Let's test out our LSTM RNN,

In [32]:
# Hyper Parameters 
input_size = vocab_size
num_labels = 4
hidden_dim = 12
embedding_dim = 8
batch_size = 256
learning_rate = 0.5
num_epochs = 50

# Build, initialize, and train model
rnn = LSTM(vocab_size, embedding_dim, hidden_dim, num_labels, batch_size)
rnn.init_weights()

# Loss and Optimizer
loss = nn.CrossEntropyLoss()  
optimizer = torch.optim.SGD(rnn.parameters(), lr=learning_rate)#

# Train the model
training_iter = data_iter(training_set, batch_size)
train_eval_iter = eval_iter(training_set[0:500], batch_size)
dev_iter = eval_iter(dev_set[0:500], batch_size)

training_loop(batch_size, num_epochs, rnn, loss, optimizer, training_iter, dev_iter, train_eval_iter, lstm=True)

Epoch 0; Step 0; Loss 1.386247; Train acc: 0.312500; Dev acc 0.257182
Epoch 5; Step 1405; Loss 0.697559; Train acc: 0.468750; Dev acc 0.497858
Epoch 10; Step 2810; Loss 0.692911; Train acc: 0.507812; Dev acc 0.502646
Epoch 15; Step 4215; Loss 0.684276; Train acc: 0.503906; Dev acc 0.521295
Epoch 20; Step 5620; Loss 0.601682; Train acc: 0.695312; Dev acc 0.623236
Epoch 25; Step 7025; Loss 0.500320; Train acc: 0.707031; Dev acc 0.664441
Epoch 30; Step 8430; Loss 0.363241; Train acc: 0.832031; Dev acc 0.771799
Epoch 35; Step 9835; Loss 0.271194; Train acc: 0.890625; Dev acc 0.793599
Epoch 40; Step 11240; Loss 0.160747; Train acc: 0.925781; Dev acc 0.794103
Epoch 45; Step 12645; Loss 0.153955; Train acc: 0.964844; Dev acc 0.787676
Epoch 50; Step 14050; Loss 0.088313; Train acc: 0.968750; Dev acc 0.788306


Accuracy and confusion matrix on the full dev set,

In [33]:
dev_full_iter = eval_iter(dev_set, batch_size)
evaluate_confusion(rnn, dev_full_iter, True)

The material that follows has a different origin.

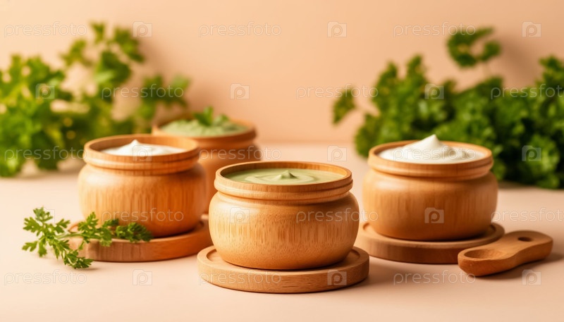 Натуральный крем ручной работы в эко деревянных банках на бежевом пастельном фоне
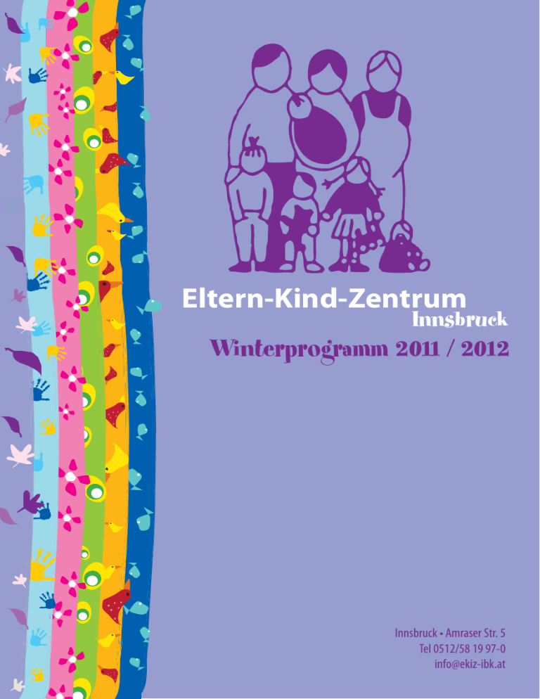 Eltern-Kind-Zentrum Innsbruck Winterprogramm 2011 / 2012 Innsbruck • Amraser Str. 5 Tel 0512/58 19 97-0 [email protected] Inhaltsverzeichnis Anmeldung / Infos Neuigkeiten & Spezialitäten 4 Fachtagung „Allein erziehend - Allein gelassen?“ Sommerprogramm 2011 Schwangerschaft und Geburt Säuglingsalter 9 12 Eltern-Kind-Gruppen 16 Eltern-Kind-Gruppen ohne Anmeldung 18 Eltern-Kind-Gruppen mit Anmeldung 19 Kurse im Überblick Spiel & Spaß im Wasser Kinderkrippe Familienberatung 24 30 33 34 Elternratgeber 35 Kleingruppenberatung 43 Themenblatt: Bildung von Anfang an 46 Menschen, die mit ihren Kindern alleine in einem Haushalt leben, stehen vor vielfachen Herausforderungen und sind an vielen Stellen mehrfach belastet. Das wird in unserer Gesellschaft oft übersehen, obwohl diese Familienform von immer mehr Menschen – auch in unserem Zentrum – gelebt wird. Um die Situation von „Allein“erziehenden verstärkt in den Blick zu nehmen, veranstalten wir am Freitag, den 4. November eine Fachtagung im Haus der Begegnung. Dort wollen wir den speziellen Bedürfnissen und Schwierigkeiten nachgehen, aber auch die Chancen beleuchten, die sich für Ein-Eltern-Familien durch vorbildliche Projekte in den Bereichen Kinderbetreuung, Arbeitszeit, Qualifizierung, Wohnen, Coaching und Beratung… hier in Tirol schaffen lassen. (vorläufiges Programm Seite 39) Neue Kurse In der Schwangerschaft: Singing Soul, Schwimm & Gym Für Babys: Bindung statt Erziehung Eltern-Kind-Gruppen: Als Eichkätzchen durch die Welt, Das große Krabbeln, Bunte Reise durch das Jahr Ein-malige Eltern-Kind-Workshops: Tanzen für Groß & Klein, Herbst- und Winternachmittage, Papierwerkstatt, Kleistermeisterei, Farbimprovisationen Elternratgeber: Einführung in die Osteopathie, Kinderzimmergestaltung, Rituale im Familienalltag, Infos für Alleinerziehende, MontessoriSchnupperkurs Ideencafé Wir laden euch zum gemütlichen Ideenaustausch und Einstieg ins neue Semester ein: alle, die Lust haben, uns ihre Ideen, Rückmeldungen, Erwartungen und Wünsche zum EKiZ mitzuteilen. Dies gilt für Erwachsene und Kinder natürlich gleichermaßen. Im EKiZ-Garten (bei schlechtem Wetter im großen Raum), am Donnerstag, 22. September, von 15 – 17 Uhr. Für Getränke und Kuchen ist gesorgt. Es freuen sich auf euch und eure Ideen Malina & Michi Impressum: Herausgeber: Eltern-Kind-Zentrum Innsbruck, Amraser Str. 5, 6020 Innsbruck Für den Inhalt verantwortlich: Malina Klöppel, Michaela Reinisch; Illustration: Nina Hammerle Grafik: Evelyn v. Mörl; Druck: A. Weger Wir danken außerdem unseren UnterstützerInnen: Stadt Innsbruck – Amt für Erziehung, Bildung und Gesellschaft; Land Tirol – Referat für Kinder- und Jugendbetreuung, Abteilung für Gesundheit, Familie und Jugend; Bundesministerium für Wirtschaft, Familie und Jugend; Raiffeisen Landesbank Tirol AG; Innsbrucker Kommunalbetriebe AG Doris Stetter (Sekretariat) 2 Inhaltsverzeichnis Michaela Reinisch & Malina Klöppel Petra Schöll-Hosp, Gerhild Heinz-Possert, Egon Stöger (Geschäftsführung) (Vorstand) Editorial 3 Anmeldung zu den Kursen Öffnungszeiten und Ferien 1) Vorab-Anmeldung für Mitglieder: Möglichkeit zur früheren Anmeldung als Vorteil Deiner Mitgliedschaft: Du kannst Dich per Mail, telefonisch oder direkt vor Ort beim Journaldienst anmelden, sobald Du unsere Mail mit dem aktuellen Programmheft im pdf-Format erhalten hast (einige Wochen vor Ende des laufenden Semesters)! Wir haben ab Montag, den 19. September, wieder montags bis freitags von 9 – 18 Uhr für Euch geöffnet. An Feiertagen und während der Schulferien ist unser Zentrum geschlossen. Unser Zentrum ist geschlossen: Mittwoch, 26.10.2011 (Nationalfeiertag) Montag, 31.10.2011 (Fenstertag), Dienstag, 01.11.2011 (Allerheiligen) und Mittwoch, 02.11.2011 (Allerseelen) Donnerstag, 08.12.2011 (Maria Empfängnis) und Freitag, 09.12.2011 Ab Samstag, 24.12.2011 bis Sonntag, 08.01.2012 (Weihnachtsferien) Montag, 13.02.2012 – So, 19.02.2012 (Semesterferien) 2) Online-Anmeldung für alle: Ab 1. September 2011 kannst du dich jederzeit ganz bequem und ohne lästige Wartezeit online über unsere Homepage www.ekiz-ibk.at zu unseren Kursen anmelden. Während unserer Öffnungszeiten ist die Anmeldung außerdem ganztägig (telefonisch oder persönlich) beim Journaldienst möglich. Die Kurse des Wintersemesters beginnen ab Montag, den 26. September. Sicherheit 0512 / 5 8 19 97 k.at -0 kiz-ib e . w ww Die Anmeldung sowohl zu unseren Kursangeboten als auch zu einmaligen Veranstaltungen wie Modulen, Seminaren und Workshops ist verbindlich! Wir bitten euch, den Kursbeitrag innerhalb von einer Woche nach der Anmeldung zu überweisen. Dies gilt auch für einmalige Veranstaltungen. Achtung: Wir verschicken keine Zahlscheine! Konto 670 141 BLZ 36000 RLB Bitte die Nummer des Kurses und den Namen der Teilnehmenden bei der Überweisung unter „Verwendungszweck“ vermerken! Stornierungen Bei Stornierungen innerhalb von einer Woche vor Beginn eines Kurses oder einer einmaligen Veranstaltung (bzw. innerhalb von zwei Wochen vor Beginn eines Geburtsvorbereitungskurses) erhältst Du den Kursbeitrag abzüglich einer Stornogebühr von € 10,– zurück. Bei Stornierungen am Tag oder nach Beginn eines Kurses ist uns eine Rückerstattung des Kursbeitrages aus Kostengründen leider nicht möglich. 4 Anmeldung Wir sind sehr darum bemüht, dass es in unseren Räumlichkeiten möglichst wenige Gefahrenquellen für Babys und Kleinkinder gibt. Trotzdem möchten wir darauf hinweisen, dass in unserem Zentrum (außer in der Kinderkrippe) die Eltern für die Sicherheit ihrer Kinder zuständig sind und wir bei Unfällen nicht haften können. Mitgliedschaft Das Eltern-Kind-Zentrum Innsbruck ist ein Verein, der vom Engagement seiner Mitglieder getragen wird. Je mehr Menschen sich für das EKiZ verantwortlich fühlen, desto lebendiger ist es. Wir freuen uns daher über jede und jeden, die mit ihrer Mitgliedschaft unsere Ideen, Ziele und Werte unterstützen! Auße

({'es-AR': {'es-AR': 1482, 'es-ES': 498, 'pt-BR': 3, 'pt-PT': 1},
  'es-ES': {'es-AR': 436, 'es-ES': 1540, 'pt-BR': 0, 'pt-PT': 4},
  'pt-BR': {'es-AR': 1, 'es-ES': 0, 'pt-BR': 1598, 'pt-PT': 388},
  'pt-PT': {'es-AR': 0, 'es-ES': 1, 'pt-BR': 341, 'pt-PT': 1643}},
 0.7891885080645161)

## Optional bits

* Instead of taking the last hidden state as the input to the linear layer that gives us our output, take a mean or max-pool over time. Compare results of meanpooling vs maxpooling.
* Make it deep! Instead of a single layer RNN, add another layer
* With the LSTM RNN, we're clearly overfitting to the training set, add regulariation. L2, or dropout.